# GOAL OF THE EXERCISE
Ignoring every picture, return the lines of the listing below word for word, from the line that holds "Lightweight cream blouse" through the line that holds "緑のチェックボックスをクリッ".

# DATA
━━━━━━━━━━━━━━━━━━━━
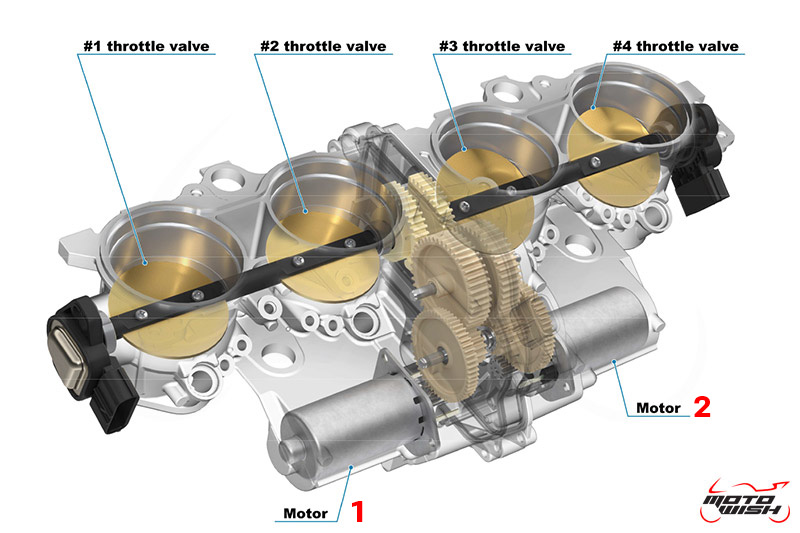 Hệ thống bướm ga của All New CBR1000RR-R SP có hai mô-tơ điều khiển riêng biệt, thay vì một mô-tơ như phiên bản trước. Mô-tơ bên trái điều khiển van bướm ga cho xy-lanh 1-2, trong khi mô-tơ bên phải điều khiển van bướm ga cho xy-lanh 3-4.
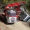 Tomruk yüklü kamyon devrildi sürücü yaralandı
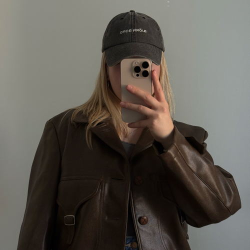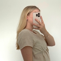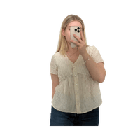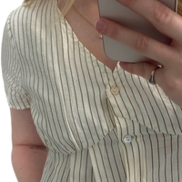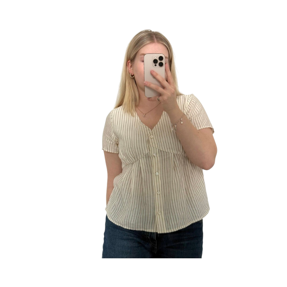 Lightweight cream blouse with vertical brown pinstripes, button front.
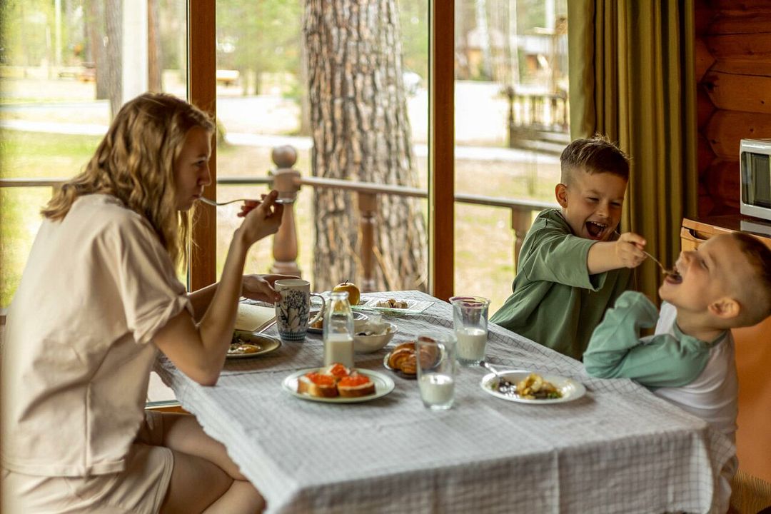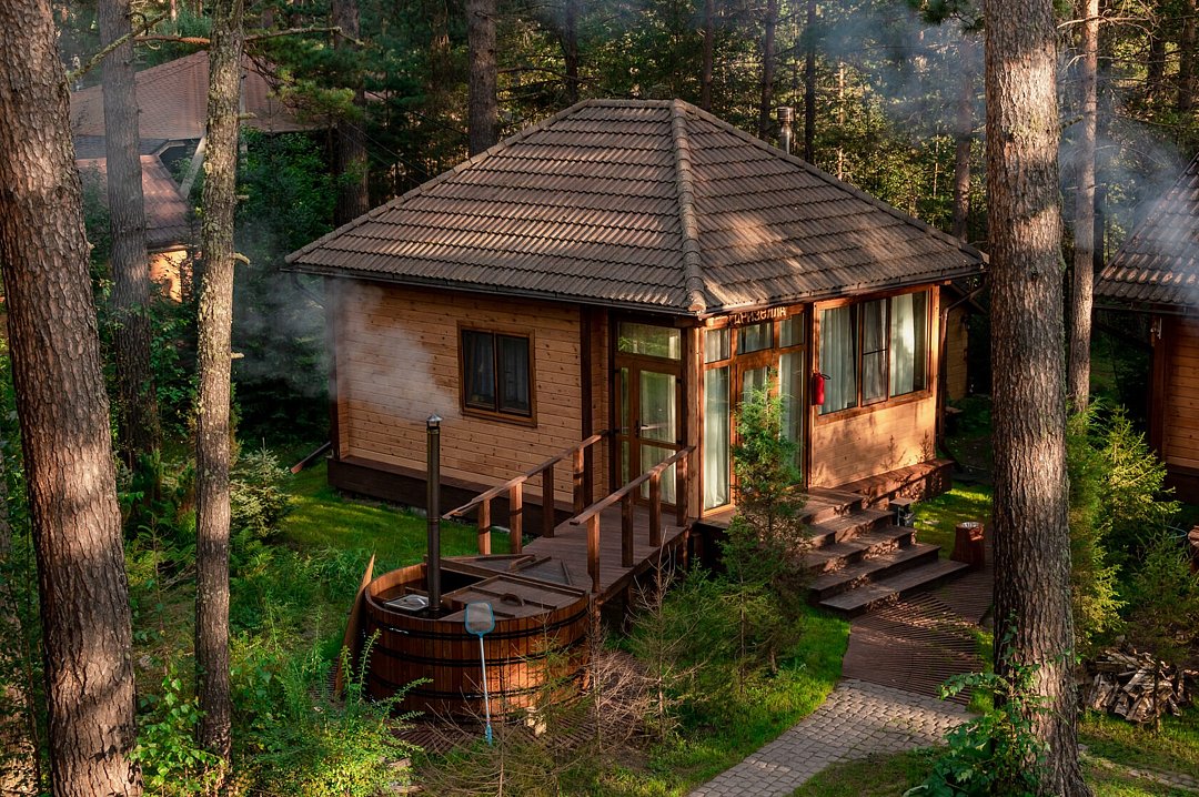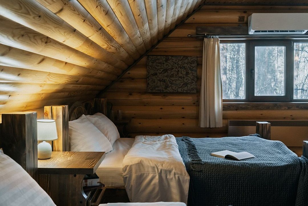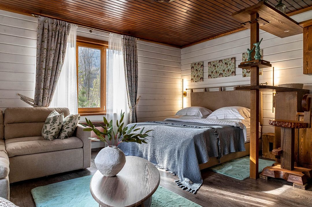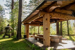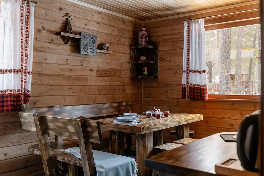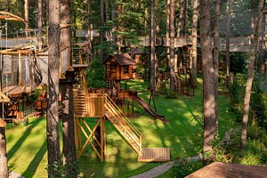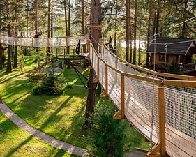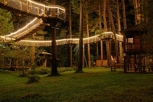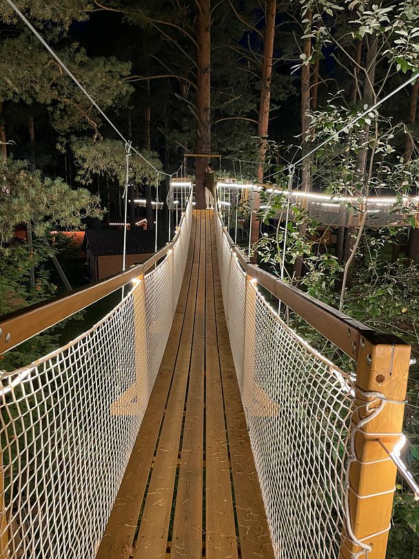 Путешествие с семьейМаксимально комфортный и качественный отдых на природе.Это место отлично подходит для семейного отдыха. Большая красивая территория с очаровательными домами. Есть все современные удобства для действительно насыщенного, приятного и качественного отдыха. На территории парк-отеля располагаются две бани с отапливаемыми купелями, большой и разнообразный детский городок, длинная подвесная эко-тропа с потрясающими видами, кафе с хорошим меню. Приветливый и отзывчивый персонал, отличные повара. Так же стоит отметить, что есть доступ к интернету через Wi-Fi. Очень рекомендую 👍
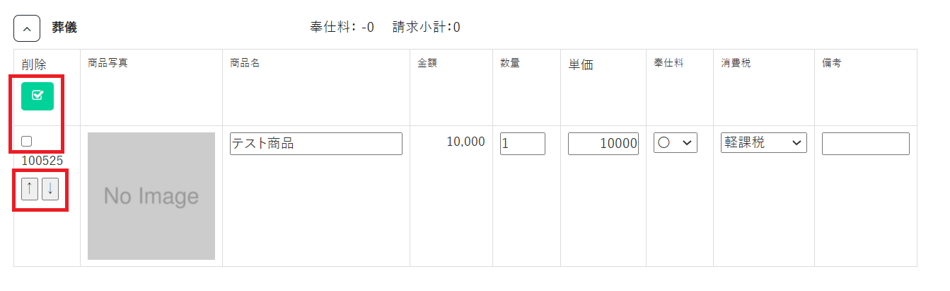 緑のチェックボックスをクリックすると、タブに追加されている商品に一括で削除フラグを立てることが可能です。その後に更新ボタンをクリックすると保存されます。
━━━━━━━━━━━━━━━━━━━━
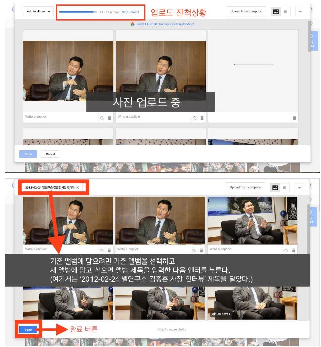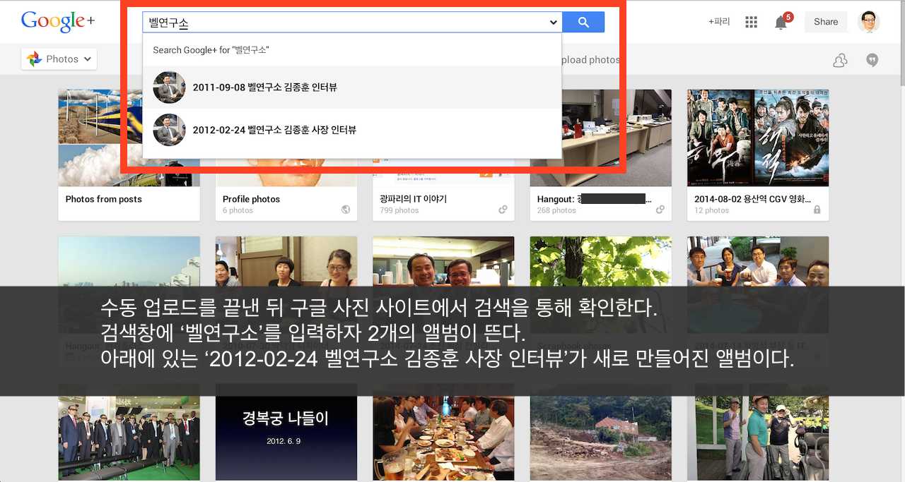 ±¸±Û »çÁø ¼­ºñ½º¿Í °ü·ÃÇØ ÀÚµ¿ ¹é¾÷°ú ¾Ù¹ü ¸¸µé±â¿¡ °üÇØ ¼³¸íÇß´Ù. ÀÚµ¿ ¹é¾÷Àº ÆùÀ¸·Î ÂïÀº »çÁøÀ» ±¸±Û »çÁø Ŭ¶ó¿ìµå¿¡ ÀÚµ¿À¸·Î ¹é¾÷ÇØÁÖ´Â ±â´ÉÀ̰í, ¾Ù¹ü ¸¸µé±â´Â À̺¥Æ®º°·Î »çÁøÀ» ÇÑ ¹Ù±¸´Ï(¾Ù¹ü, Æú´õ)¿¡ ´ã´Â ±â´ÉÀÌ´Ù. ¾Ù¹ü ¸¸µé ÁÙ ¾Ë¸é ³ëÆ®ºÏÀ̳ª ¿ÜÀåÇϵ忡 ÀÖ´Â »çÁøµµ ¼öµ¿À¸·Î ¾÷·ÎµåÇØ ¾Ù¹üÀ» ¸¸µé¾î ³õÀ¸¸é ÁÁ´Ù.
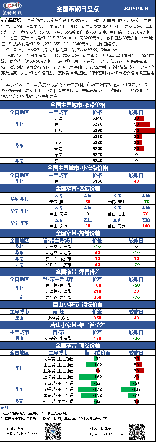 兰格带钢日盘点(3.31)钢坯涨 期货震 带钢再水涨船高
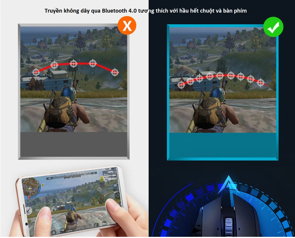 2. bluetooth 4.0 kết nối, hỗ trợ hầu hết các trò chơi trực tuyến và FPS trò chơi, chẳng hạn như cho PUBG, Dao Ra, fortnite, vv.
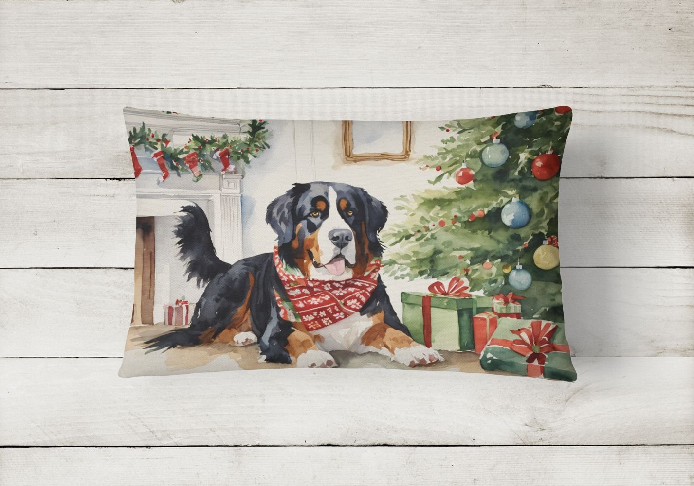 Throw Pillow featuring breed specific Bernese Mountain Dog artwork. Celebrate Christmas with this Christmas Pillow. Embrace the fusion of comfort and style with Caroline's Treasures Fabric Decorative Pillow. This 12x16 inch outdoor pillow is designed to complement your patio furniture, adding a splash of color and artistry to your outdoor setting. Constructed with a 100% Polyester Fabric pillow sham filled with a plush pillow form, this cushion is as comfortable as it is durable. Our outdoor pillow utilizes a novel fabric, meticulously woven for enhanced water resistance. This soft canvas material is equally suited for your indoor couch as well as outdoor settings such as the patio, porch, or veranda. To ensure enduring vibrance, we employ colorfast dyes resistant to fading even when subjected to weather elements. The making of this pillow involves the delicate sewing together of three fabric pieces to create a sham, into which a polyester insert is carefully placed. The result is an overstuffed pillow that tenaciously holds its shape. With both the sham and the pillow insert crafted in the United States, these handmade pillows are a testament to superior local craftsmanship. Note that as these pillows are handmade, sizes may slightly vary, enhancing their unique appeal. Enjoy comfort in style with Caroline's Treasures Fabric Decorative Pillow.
━━━━━━━━━━━━━━━━━━━━
# ANSWER TO THIS TASK
 Lightweight cream blouse with vertical brown pinstripes, button front.
 Путешествие с семьейМаксимально комфортный и качественный отдых на природе.Это место отлично подходит для семейного отдыха. Большая красивая территория с очаровательными домами. Есть все современные удобства для действительно насыщенного, приятного и качественного отдыха. На территории парк-отеля располагаются две бани с отапливаемыми купелями, большой и разнообразный детский городок, длинная подвесная эко-тропа с потрясающими видами, кафе с хорошим меню. Приветливый и отзывчивый персонал, отличные повара. Так же стоит отметить, что есть доступ к интернету через Wi-Fi. Очень рекомендую 👍
 緑のチェックボックスをクリックすると、タブに追加されている商品に一括で削除フラグを立てることが可能です。その後に更新ボタンをクリックすると保存されます。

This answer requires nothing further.